On the other hand, the invention provides an operation method of an electric control variable logic function device based on a graphene pair array structure, which comprises the following steps:

selecting monochromatic light with different wavelengths as input signal light;

changing the chemical potential energy of the graphene nanowire at the input end by applying voltage, and determining an input binary state value by taking the chemical potential energy as a basis;

sequentially determining the input state of the input port by using the graphene nanoribbons as the input port;

at the lower surface of the device, the output binary state is determined according to the transmittance.

Preferably, the switching between different logic operations is realized by changing the voltage applied to the two graphene nanowires arranged in the X direction.

Compared with the prior art, the invention has the beneficial effects that at least:

(1) the specification is only micro-nano scale devices, the structure is miniaturized and compact, and the integration is convenient.

(2) The chemical potential energy of the transverse parallel graphene nanowires can be selectively controlled and changed by changing the magnitude of the applied voltage, so that the switching among different modes can be achieved, and the operation is easy.

(3) Simple structure and convenient production.

(4) The method has very obvious logic output contrast, and can greatly reduce the error rate of logic operation.

(5) The integrated application of the NOT gate, the NAND gate, the logic gate A not less than B and the logic gate A not less than B on the same structure is realized, and a plurality of logic operation functions are integrated by changing the incident wavelength without adjusting the existing nano structure.

(6) Has stronger coupling resonance effect and is suitable for high-performance optical logic processing.

Drawings

In order to more clearly illustrate the technical solutions in the embodiments of the present invention, the drawings needed to be used in the description of the embodiments will be briefly introduced below, and it is obvious that the drawings in the following description are only some embodiments of the present invention, and it is obvious for those skilled in the art to obtain other drawings based on these drawings without creative efforts.

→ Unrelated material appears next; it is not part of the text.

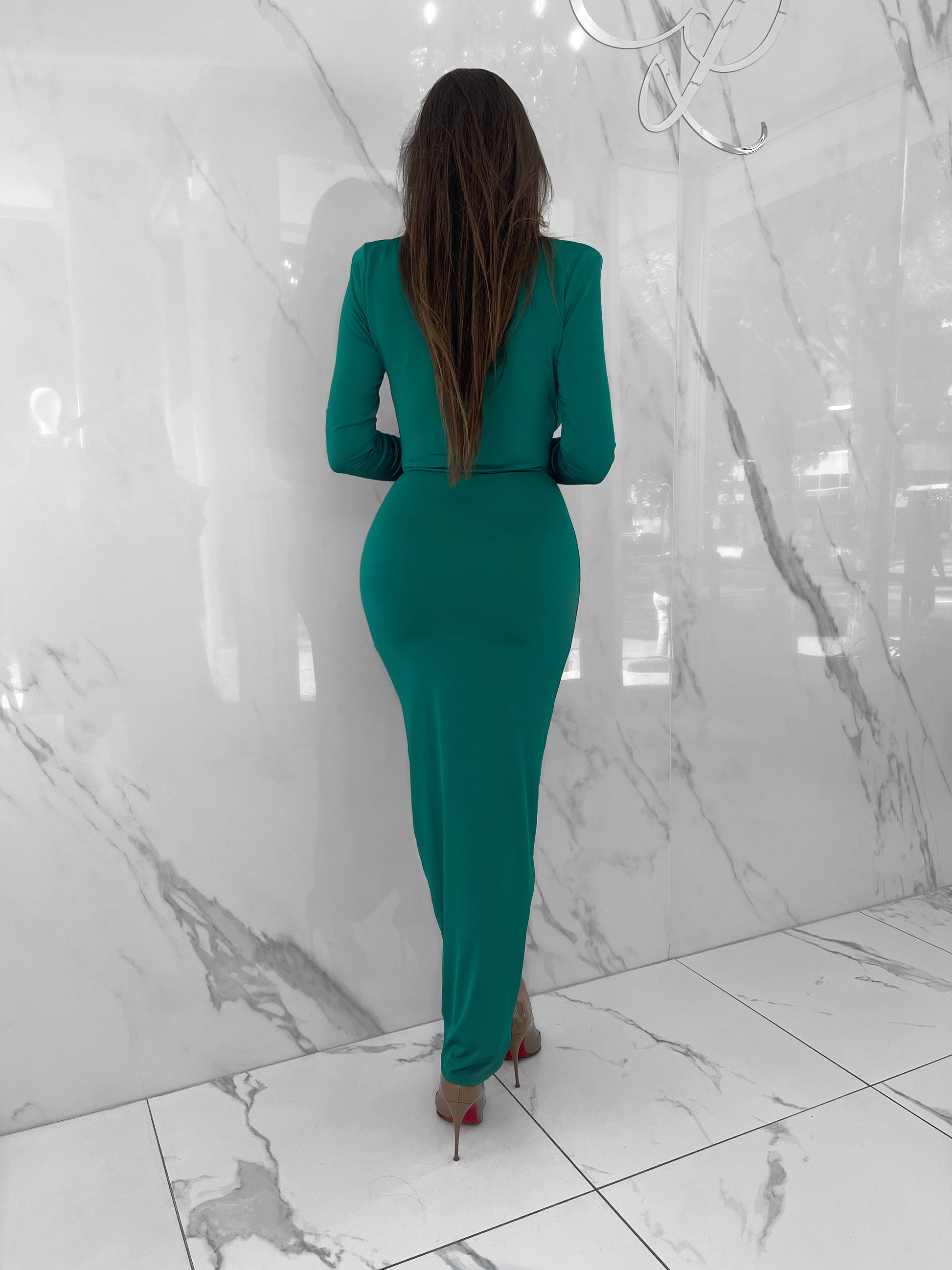 Break hearts in the 'Make It Rain' dress,  in a bold deep green. Featuring a plunging neckline, long sleeves, and a tie-front detail to accentuate your waist, this dress offers a flattering silhouette with a subtle slit for added elegance. Made from stretch fabric, it ensures all-day comfort while exuding confidence and sophistication—perfect for formal events or special nights out.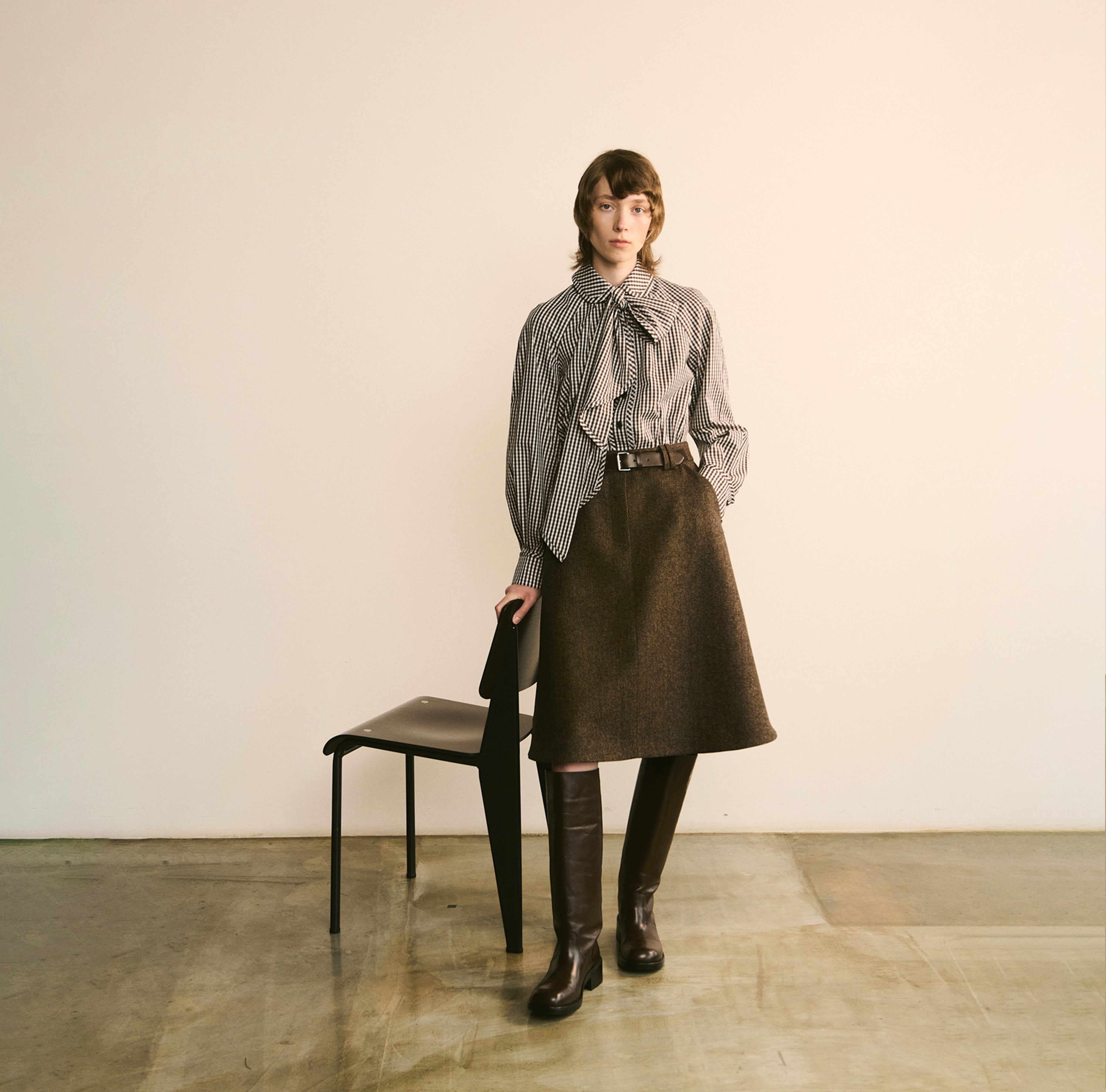 Refined yet playful, this gingham cotton shirt reinterprets a timeless pattern. Defined by its oversized bow-tie detail around the neckline and precise tailoring, it combines a sense of classic sophistication with a modern spirit. The crisp cotton fabric enhances the structured silhouette, while subtle volume at the sleeves adds an element of effortless elegance. Perfect for day-to-evening transitions.

Fig. 1 is a schematic diagram of an electrically controlled variable logic function device based on a graphene pair array structure in a preferred embodiment of the present invention;

FIG. 2 is a flow chart of a method of operation of an electrically controlled variable logic function device based on a graphene pair array structure;

FIG. 3 is a diagram of a specific apparatus for performing logic operations based on the present device in an embodiment of the present invention;

FIG. 4 is a diagram illustrating the transmission spectra of different binary signals input when the inverter is implemented, which can be used as the basis for determining the binary output of the logic inverter according to an embodiment of the present invention;

FIG. 5 is a diagram illustrating the transmission spectra of different binary signals input when the NAND gate is implemented according to the embodiment of the present invention, which can be used as a basis for determining the binary output of the logic NAND gate;

FIG. 6 is a diagram illustrating the transmission spectra of different binary signals input when implementing the logic gate with A ≦ B according to an embodiment of the present invention, which can be used as a criterion for outputting the binary signal with A ≦ B;

FIG. 7 shows the transmission spectrum of different binary signals input when the logic gate A ≧ B is implemented, which can be used as the basis for determining the binary output of the logic gate A ≧ B in the embodiment of the present invention.

Detailed Description

In order to make the aforementioned objects, features and advantages of the present invention comprehensible, embodiments accompanied with figures are described in detail below. It should be noted that the described embodiments are only a part of the embodiments of the present invention, and not all embodiments, and all other embodiments obtained by those skilled in the art without any inventive work based on the embodiments of the present invention belong to the protection scope of the present invention.